Carlos Amorales: The Harvard Commission in Context
Lecture Nancy Stephenson Nichols Memorial Lecture
Harvard Art Museums32 Quincy Street, Cambridge, MA
Mexican-born installation and film artist Carlos Amorales (b. 1970) will visit the Harvard Art Museums to discuss his work over the last five years. He will focus on how, following censorship of a book he was commissioned to write for a Mexican museum, he developed a new kind of writing drawn from the different notation systems used in music, law, and filmmaking. This new “writing” has influenced many of his subsequent works, including one he has created for Harvard.

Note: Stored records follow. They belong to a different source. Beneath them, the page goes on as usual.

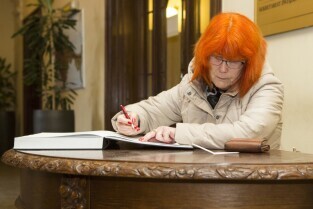 Gdańsk, Nowy Ratusz. Księga kondolencyjna wyłożona w celu uczczenia ofiar zamachów w Paryżu. Nz. Konsul honorowa Francji w Gdańsku Monika Tarnowska
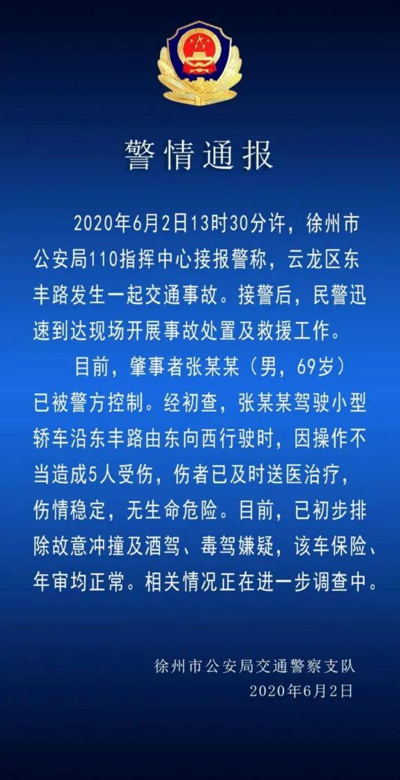 徐州警方通報稱,肇事司機張某某已被警方控制,初步排除故意沖撞及酒駕、毒駕嫌疑,相關(guān)情況正在進一步調(diào)查中。
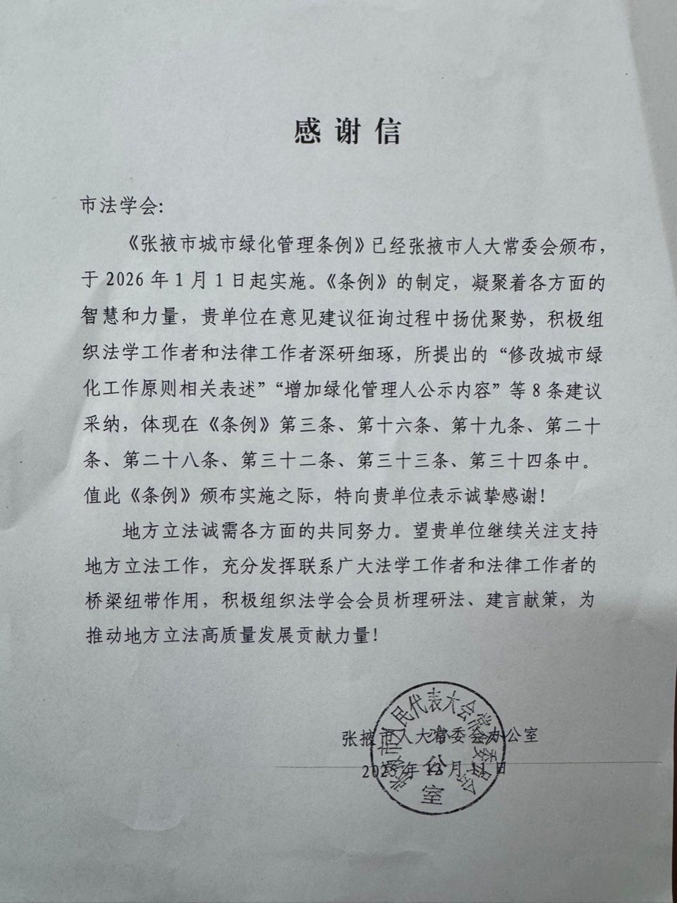 近日,张掖市法学会向法学院发来的感谢信,对法学院及于访勤副教授在《张掖市城市绿化管理条例(草案修改稿)》立法意见征集工作中的贡献表示感谢。 在张掖市法学会组织的《张掖市城市绿化管理条例(草案修改稿)》征求意见座谈会上,于访勤老师与其他六位法学专家立足张掖实际,围绕条例内容,从四个维度共提出32条建设性意见,其中8条被正式采纳。该条例已由张掖市人大常委会审议通过,将于2026年1月1日起施行。张掖市法学会在感谢信中充分肯定了法学院在服务地方法治建设中所发挥的桥梁与智库作用,...

The lecture will coincide with the installation that week of a new large-scale mobile sculpture by Amorales, Triangle Constellation. This specially commissioned work will be installed in the museums’ Calderwood Courtyard, suspended from the specially designed kingposts, or steel trusses, that are part of the rafters under the courtyard’s new glass roof.
This event will be held in Menschel Hall, Lower Level.
Free admission. Please enter the museums via the entrance on Broadway.
Complimentary parking available in the Broadway Garage, 7 Felton Street, in Cambridge.
Reflecting the personal and professional pursuits of the late Nancy Stephenson Nichols (Harvard A.M. ’77, Ph.D. ’80), this annual lecture provides a forum for international leaders in the arts, culture, and museums to share their expertise and ideas on topics of importance in the worlds in which they work.